Results and Revision Surgery
RESULTS

Rhinoplasty Revision Surgery
Cosmetic surgery is not essential surgery. It is elective: a voluntary or luxury procedure undertaken to enhance appearance. Because it is elective, a patient may experience a disappointing result as a catastrophe. For example, scar tissue – a development entirely beyond the surgeon’s control — can in isolated cases, affect an otherwise good result. At the Nose Clinic, we perform ‘revision’ surgery, a minor procedure, to correct these marginal deviations after the nose has healed – 12 months later. The surgeon does not charge a fee, however the patient is responsible for the attendant theatre costs. How often do disappointing results occur at the Nose Clinic? In our experience, marginally disappointing results (that we can rectify with revision surgery), occur in approximately 10% of cases.
We use the bell curve principle to illustrate this. The peak of the curve represents 90% of all results. In these cases, the patients are happy and the surgeon is confident that he or she has done a good job. On the left side of the peak (where it falls off sharply), are ‘errors of omission’ — instances where fractionally too little tissue, cartilage, or bone has been removed from the nose.

Surgery to correct a saddle depression of the nose: a good result.
ERRORS OF COMMISSION
To the right of the curve appear the results that we refer to as ‘errors of commission’. Here the surgeon has removed fractionally too much tissue, cartilage or bone from the nose. The solution may require human tissue grafting material to strengthen the underlying structure.
In such cases the Nose Clinic undertakes to correct the error of omission or commission in order to achieve the desired result. The surgeon will charge no fee, although the patient will be responsible for the attendant theatre costs.
REVISION SURGERY
A clear distinction has to be drawn, however, between the minor touch-ups that we are happy to undertake, and the major revision surgery we undertake for patients who have undergone surgery elsewhere, with unsatisfying or disappointing results.
Some 46% of the Nose Clinic’s patients consult us specifically to redo previous nasal surgery conducted elsewhere by another surgeon. During these procedures, we often find evidence of clumsy procedural ineptitude. As with any field of highly developed and specialised expertise, nasal surgery requires specialised training, skill, dedication, constant exposure to new techniques and developments, and regular, almost daily practice. General cosmetic surgeons simply cannot offer the level of specialisation provided by the Nose Clinic, and in cases where a revision is required, patients come to us because their appearance has been negatively affected or their breathing severely impeded by previous surgical procedures.

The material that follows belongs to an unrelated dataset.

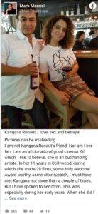 सितंबर 15, 2017 को शेयर की गई तस्वीर के साथ लिखे लंबे पोस्ट में मार्क मैनुअल ने जानकारी देते हुए लिखा कि यह तस्वीर कुछ महीने बाद कंगना की फ़िल्म ‘सिमरन’ का जश्न मनाने के लिए शैंपेन ब्रंच के दौरान खार (मुंबई) के कॉर्नर हाउस में ली गई थी.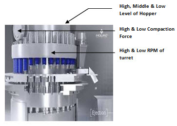 • Samples shall be withdrawn for various challenge tests such as but not limited to variation in compaction force of the machine, variation in speed of the machine, from high, middle and low level of powder in the hopper of the compression machine.

We also encounter patients who have undergone several procedures, either repeatedly with one surgeon or with several different surgeons elsewhere at another clinic or hospital. Over time, these flawed results frequently deteriorate, resulting in ugly deformities. Scar tissue may form around the old incisions, and the solution here often involves human tissue grafting in order to strengthen the underlying nasal structure and tissue.
In these cases of revision surgery, the Nose Clinic assists patients in rectifying the effects of previous inaccurate diagnoses and gross procedural blunders by other surgeons. Such problems can usually be linked to limited experience and insufficient expertise in complex nasal surgery. This is yet another reason why we recommend that patients choose their surgeons carefully and check out their credentials meticulously, and that they should sometimes be prepared to pay a little extra for the expertise that will make all the difference to their looks, self-esteem and satisfaction.
‘Rhinoplastic surgery is more than a technique,’ says Eugene Tardy Jr (MD, FACS, Professor of Clinical Otolaryngology, University of Illinois Medical Centre), ‘it involves an artistic concept and the ability to envision the result of the operation. The surgeon must become expert at nasofacial analysis and mental image visualization of an intended result. Mastery of a single approach or technique poorly equips the surgeon to properly manage the myriad nasal abnormalities that exist. Strict adherence to basic principles will not necessarily produce the ideal result. It is essential that an understanding of dynamic nasal structure transcend the components of static bone and cartilage.’
(Tardy, Eugene Jr. 1997. Rhinoplasty: the art and the science, Volume 1 M. WB Saunders.)